Deep Soil Stabilization of Foundation for Health Care Center in Liberty, TX

May 26, 2023 Melanie Chaney

Location: Liberty Health Care Center in Liberty, Texas

Project Overview

Liberty Health Care Center is a well-established healthcare facility in the area of Liberty, Texas. They have exclusively served the geriatric population of the greater Liberty area for more than fifty years. The building is a wagon wheel style building built in the 1970s, where each wing of rooms is a leg, that extended out of the center. There is a total of six wings and three of which were experiencing settlement. The ground around the section of the building seemed to be very soft and damp and had a high composition of sand. The client’s biggest concern was to prevent the building from moving anymore and causing structural damage that could compromise the ability of the patients to be able to stay in their rooms. The challenging part of this project was because the soils were so loose, it took seventy feet of pipe before we were able to reach load-bearing strata.

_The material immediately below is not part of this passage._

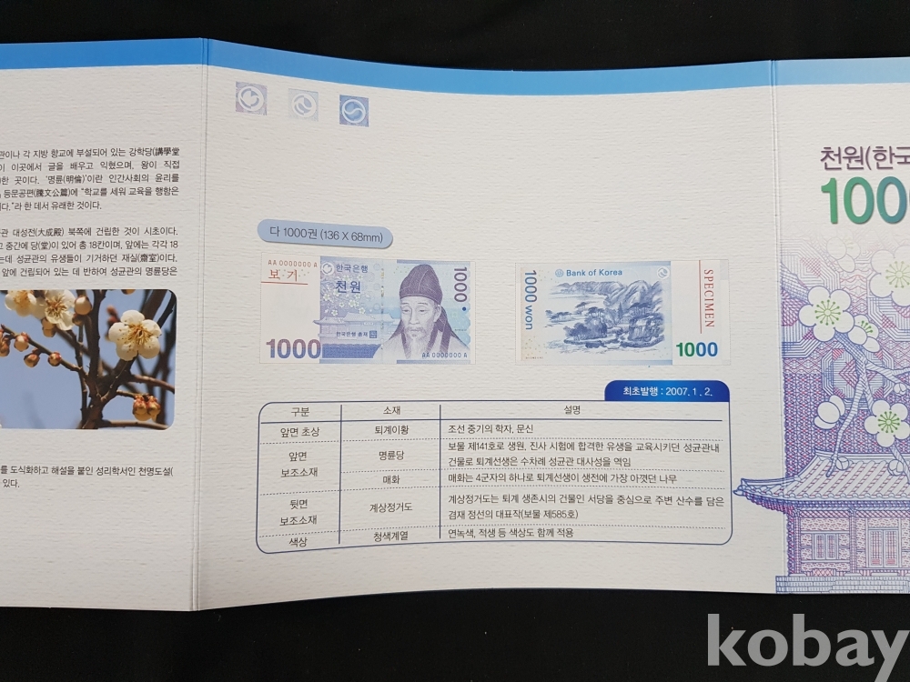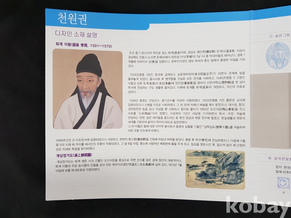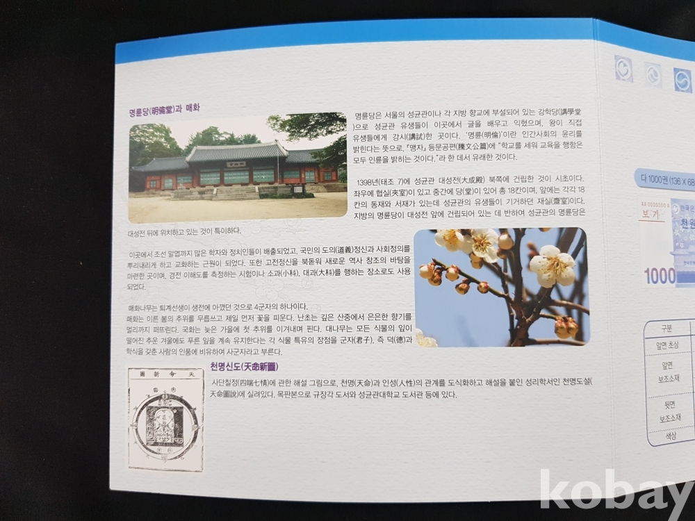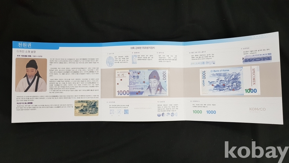- 권종별 화폐첩은 3단으로 접혀있으며, 디자인 소재 설명.

Pushing the pipe down to load-bearing strata guarantees that the structure will be permanently stabilized and will not be affected by the loose soils.

Project Solution

Baird Foundation Repair was chosen by the client because of our expertise in deep foundation systems. They desired to find someone that would be able to permanently stabilize the foundation, so that for the time that they owned the building they wouldn’t have to spend any more funds on temporary fixes.

Baird Foundation Repair’s Commercial Solution Specialist, Will, visited the building of Liberty Health Care where he conducted a thorough inspection of the structure and the soil competency that the building was sitting on. In order to permanently stabilize the structure, Baird Foundation Repair recommended stabilizing the structure with push piers. Push piers would be the best solution for this application because it has the ability to advance through expansive soils to load-bearing strata. This approach is necessary in order to guarantee that the expansive soil that the structure is currently relying on, would not allow for more damage to happen.

In tandem with the push piers, we injected Polylevel to fill all voids under the slab, that may have been created by the lifting of the structure and to lift some areas with low elevations.

The completed job encompassed almost eighty push piers and just under two thousand pounds of Polylevel. The project was completed within nine working days!